If you can tolerate even more duplicates, say you don’t mind hitting roughly one on average per unique value, you can get close to full coverage
0xa9bb0026 0xe0178ff2 0x443fd052 0x9fe0d459: 32/32 41 (100% 1.3x)
0x4c19f4c7 0x1d253873 0x5c1f6f17 0x812944fc: 64/64 106 (100% 1.7x)
0x854fbffe 0x5aa965d5 0x06ff8c3e 0xd5057351: 127/128 252 (99.2% 2x)
0xeb03a458 0x26ae990e 0x6227aaee 0x192b3cb7: 242/256 496 (94.5% 2x)
0x97bbc402 0x20470416 0x09ce179b 0xbf276b7d: 469/512 980 (91.6% 2.1x)
0x6d36254c 0x19c5f46a 0x1614da1a 0xcfadbfc8: 915/1024 1939 (89.4% 2.1x)
As an example, running the same python code from above but now with parameters from this set you get,
[19, 27, 10, 12, 18, 16, 13, 15, 24, 4, 23, 11, 28, 30, 26,
19, 24, 1, 12, 15, 29, 2, 19, 8, 9, 20, 6, 5, 17, 3, 14, 31,
22, 25, 18, 27, 8, 20, 0, 7, 21]
In this list of length 41 all numbers between 0 and 31 occur, but 8, 12, 15, 18, 20, 24, and 27 are there twice and 19 is there three times.

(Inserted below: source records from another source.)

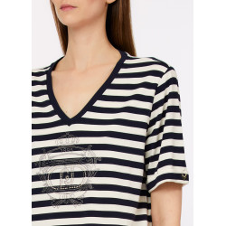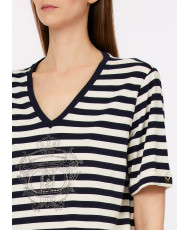 T-shirt às riscas com decote em V.
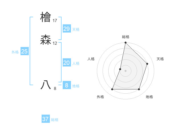 檜森 八さんの総格は37画の5点!
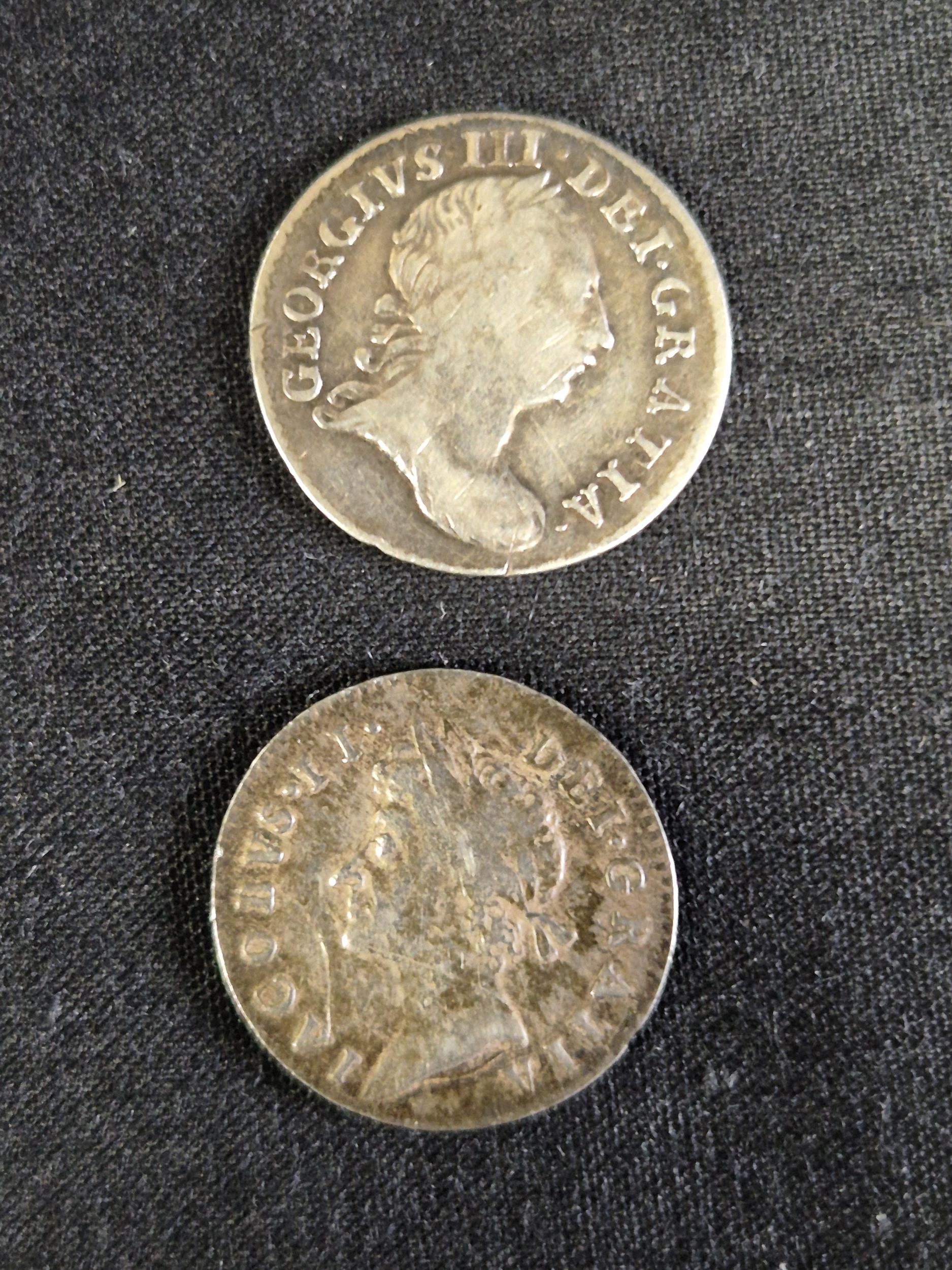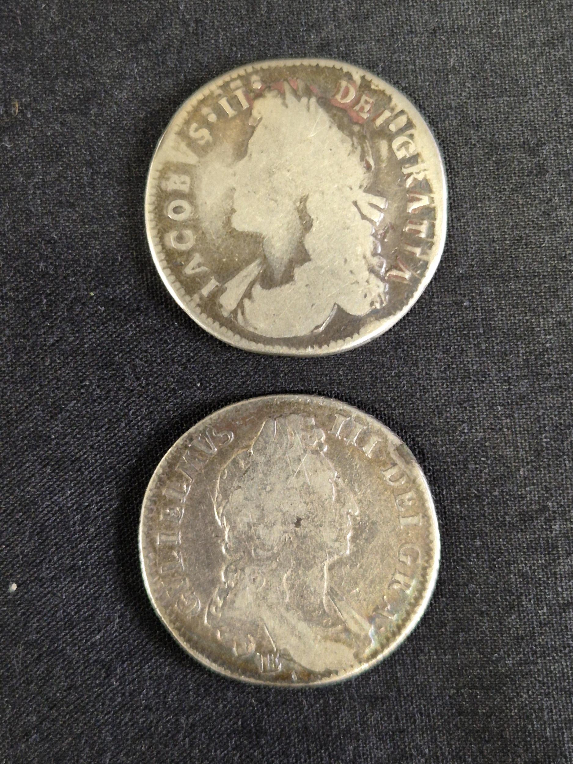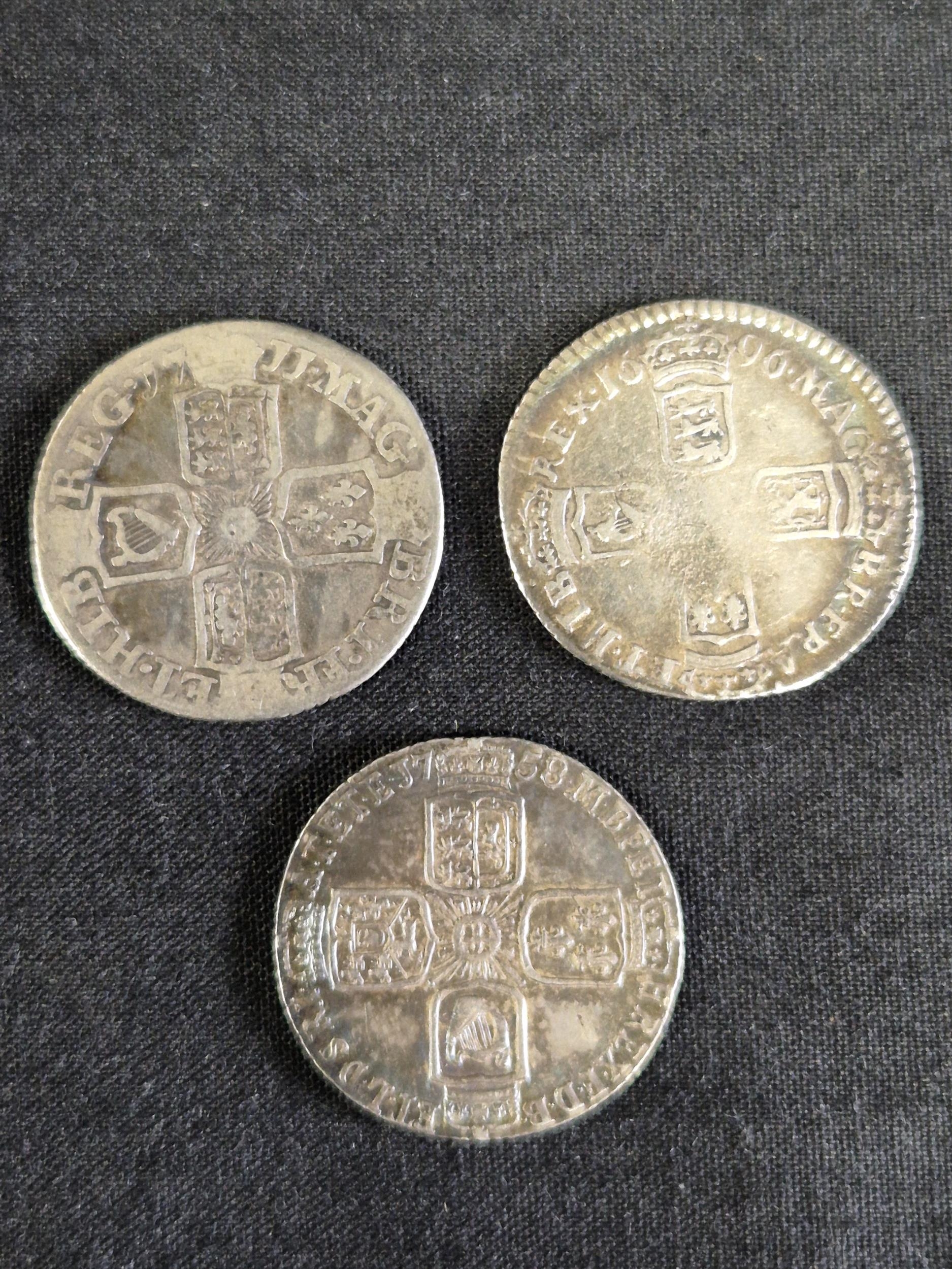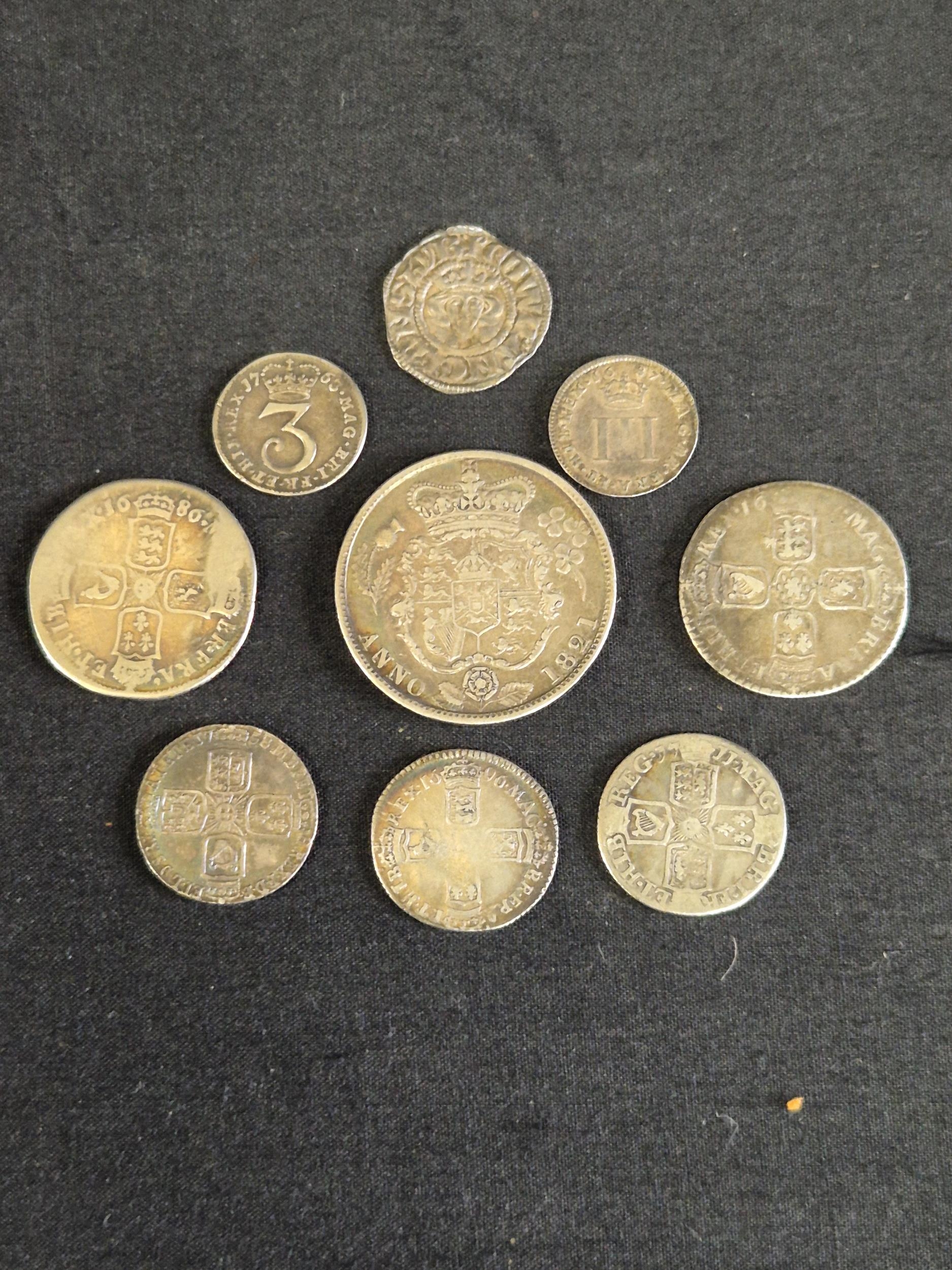 Group of nine silver pre decimal coins to include: George III 1821 Half Crown, George III 1763 3d, James II 1687 3d, George II 1758 Sixpence, George III 1696 Sixpence, James II 1686 Shilling and two other milled and one hammered coins
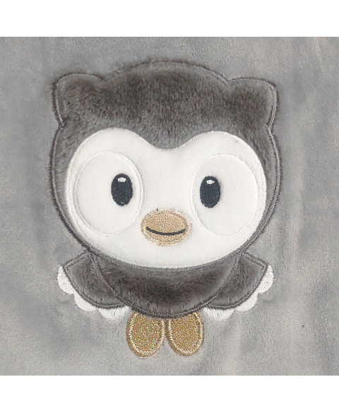 Mit kleiner Eulenapplikation aus Fell und Goldglitzer.
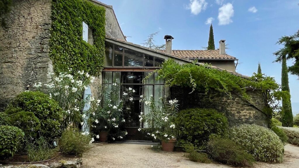 そして、海辺ばかりでなく、南仏プロヴァンスでもやはりキョウチクトウが大活躍。白花をチョイス、また樹形がかなり透かしてあるのが上品な雰囲気で、モダンにリノベーションした石造りの古民家のファサードの感じにもさりげなくよく合っている。
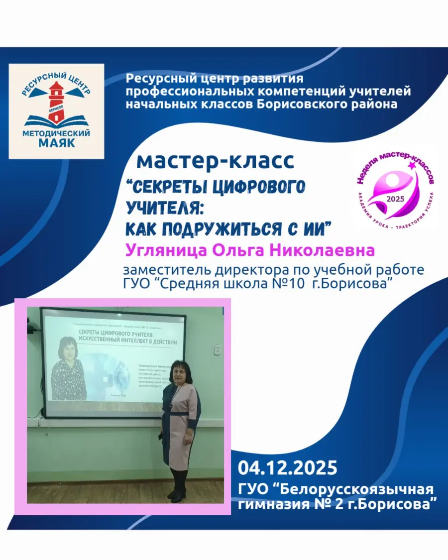 · Ольга Николаевна Угляница (СШ №10) — «Секреты цифрового учителя: как подружиться с ИИ». Мастер-класс показал, как современные цифровые инструменты и искусственный интеллект могут стать помощниками учителя в подготовке и проведении уроков.
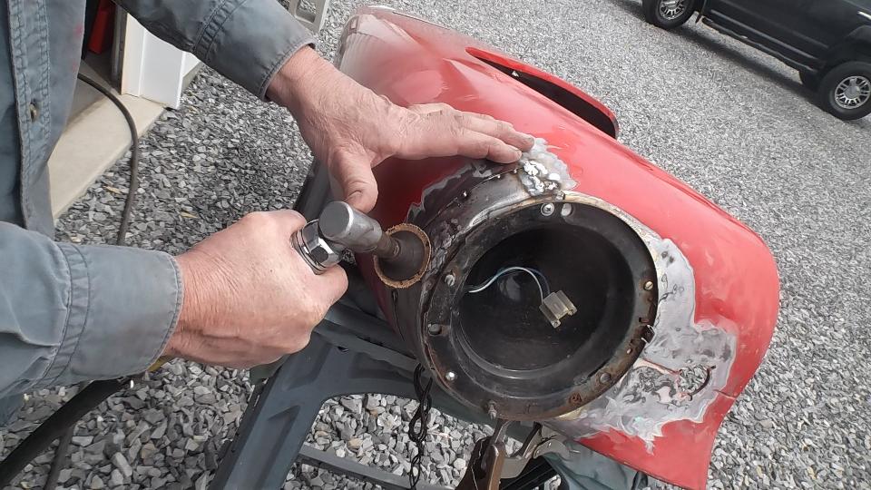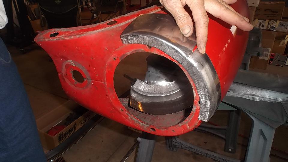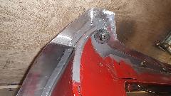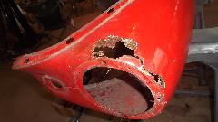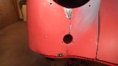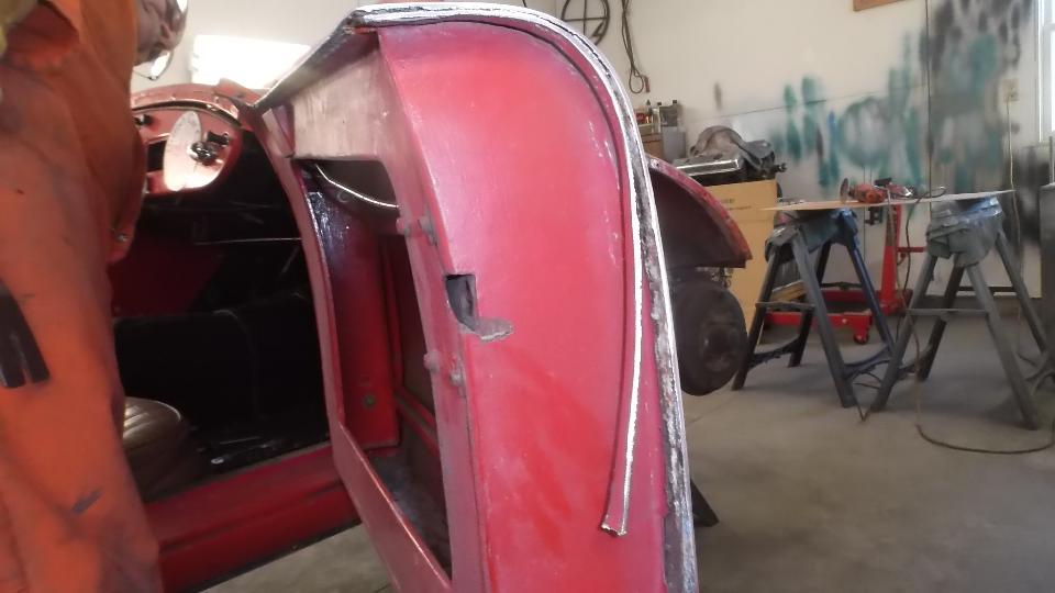 Meanwhile on the other side of the shop Dick Bussler has been busy repairing rust in the left front fender. A few small spots had a new bit of metal tacked into the outer skin. One area at the bottom with a bit too much "Swiss cheese" received a larger replacement patch.
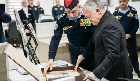 كما افتتح جلالته، خلال الزيارة، استوديوهات إذاعة الأمن العام الجديدة، إذ استمع إلى إيجاز حول أهم الخطط الإعلامية التي تضطلع بها مديرية الأمن العام من خلال حملات التوعية وتقديم المعلومات للمواطنين
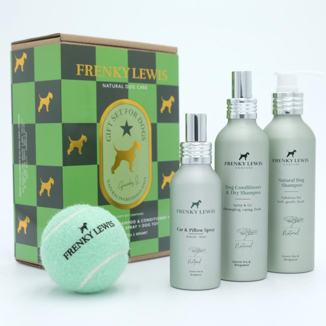 De Frenky Lewis Christmas gift set Noble Woods is het perfecte cadeau om je trouwe viervoeter te verwennen en te laten stralen tijdens de feestdagen. Met verzorgende producten, een heerlijk geurende spray en een leuk speeltje, geef je niet alleen iets moois, maar ook een moment van aandacht en liefde.
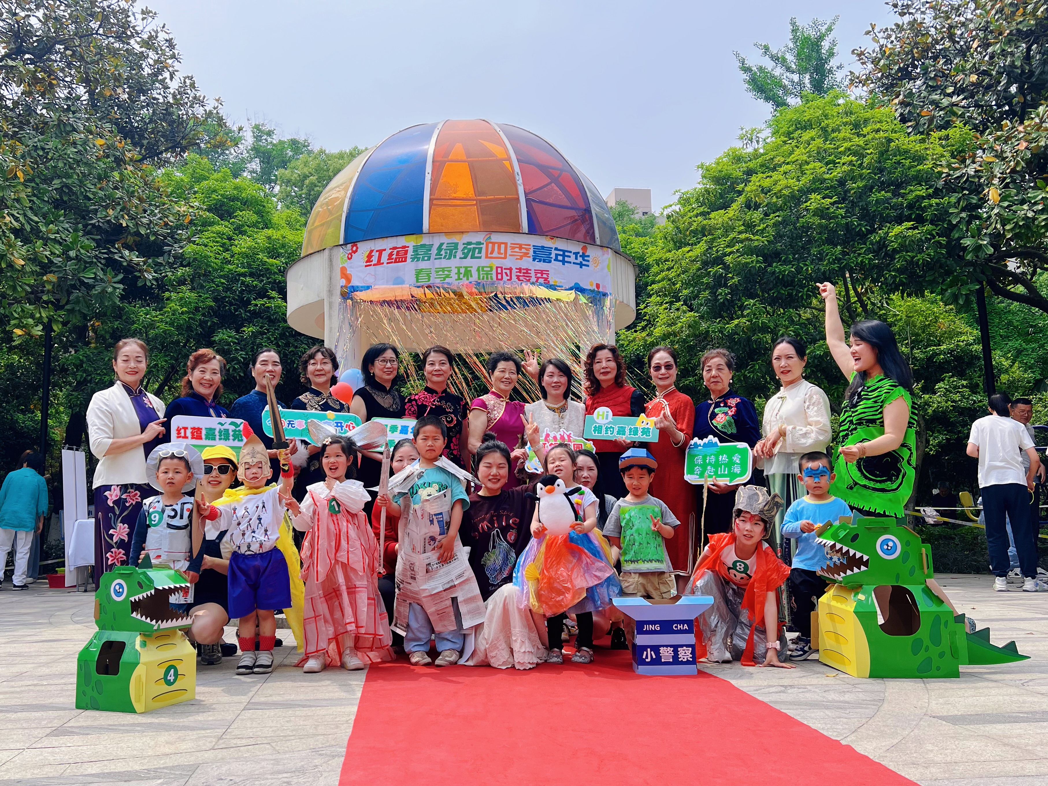 活动现场,小朋友们的环保时装秀成为焦点。萌娃们化身“环保小设计师”,将废旧纸箱、快递包装、塑料布等材料用心改造,小警察、恐龙父子、斯巴达勇士、仙女公主等造型轮番登场,稚嫩步伐中洋溢着对环保的独特理解。“我妈妈可会买东西啦,家里经常看到快递员叔叔,我的‘快递服’是用叔叔送快递的盒子做的,快递小哥很辛苦,我们要爱护他们的劳动成果!”童言童语间,既展现了变废为宝的巧思,也流露出对快递员等新就业群体的理解。旗袍队阿姨们紧随其后,身着锦绣旗袍步步生莲,古典风韵与童趣创意交相辉映,赢得阵阵掌声。
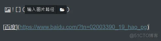 使用“[]()”,在中括号中添加文字,在小括号中添加路径 。
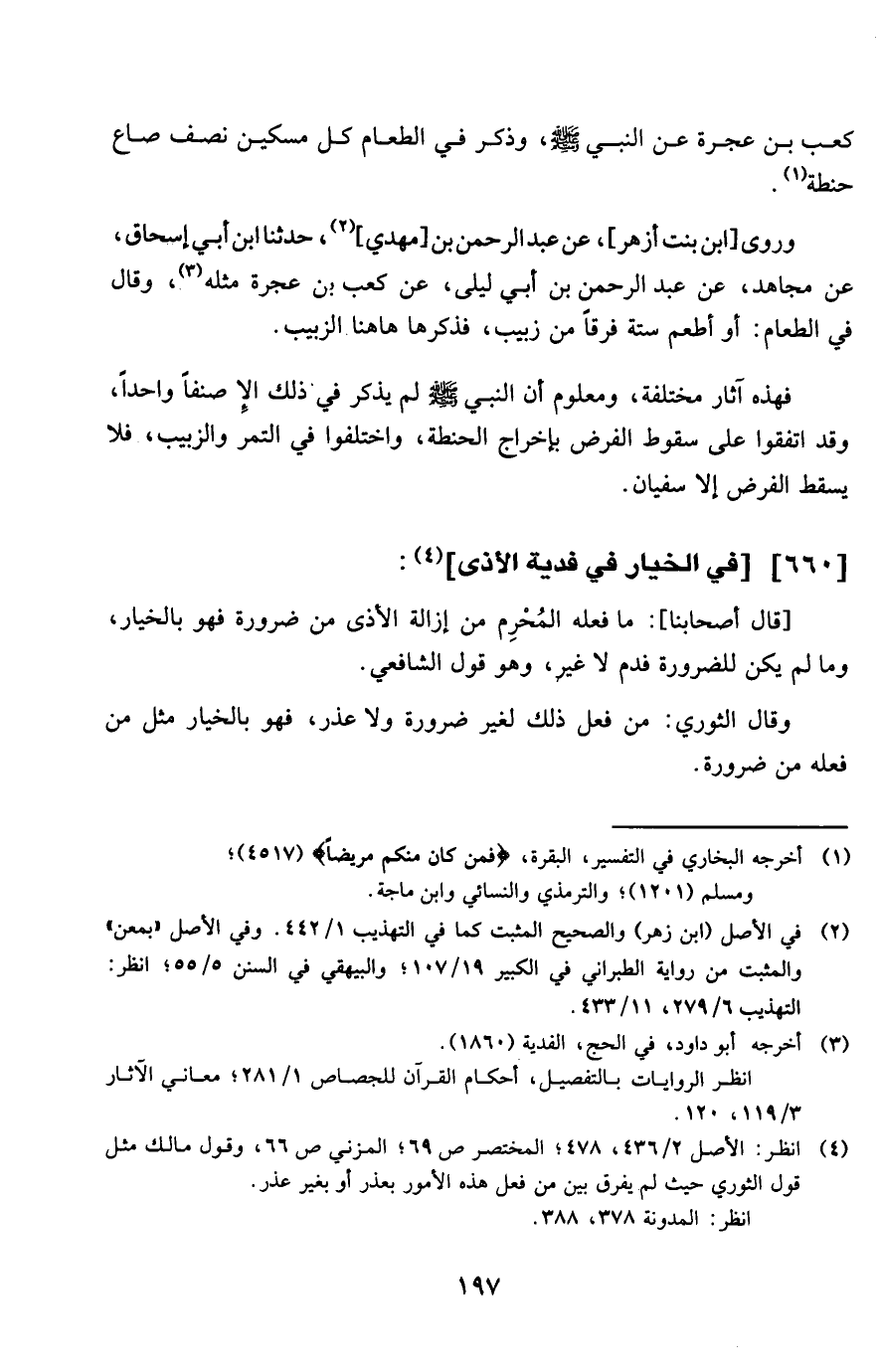 وروى ابْن بنت أَزْهَر عَن عبد الرَّحْمَن بن مهْدي وَحدثنَا ابْن أبي إِسْحَاق عَن مُجَاهِد عَن عبد الرَّحْمَن بن أبي ليلى عَن كَعْب بن عجْرَة مثله وَقَالَ فِي الطَّعَام أَو أطْعم سِتَّة فرقا من زبيب فَذكرهَا هَا هُنَا الزَّبِيب

Finally, if you don’t care how many times you try as long as you generate all the numbers that’s possible too. At this point you probably want to keep track of which value you’ve seen, maybe with a bit vector, and just filter the raw values you generate.
0xa9bb0026 0xe0178ff2 0x443fd052 0x9fe0d459: 32/32 41 (100% 1.3x)
0x4c19f4c7 0x1d253873 0x5c1f6f17 0x812944fc: 64/64 106 (100% 1.7x)
0xf3bd4634 0xb1442411 0xd536236f 0x3beae2fb: 128/128 291 (100% 2.3x)
0x1c608f31 0x34e54bbd 0xa799c7a8 0x78af6664: 256/256 729 (100% 2.8x)
0x10bace53 0x88bc0781 0xd815fe20 0xc77bcbec: 512/512 1786 (100% 3.5x)
0xb6c93670 0xb89f9de6 0x3ba3713c 0x78bcabc7: 1024/1024 4341 (100% 4.2x)
If you look closely you’ll notice that the parameters are the same as before for some limits, that’s because we already had perfect coverage before so there’s nothing to improve. And as the set grows you can see that the number of times you have to try grows, so at 1024 you need to loop 4341 times before you’ve seen all values. And note also that the duplicates aren’t evenly distributed, the further you get the more work you have to do to get a value you haven’t seen before.
Of limited use I guess but if this is the kind of thing you need, pretty convenient. I’ve dumped the code I used to generate these in a gist.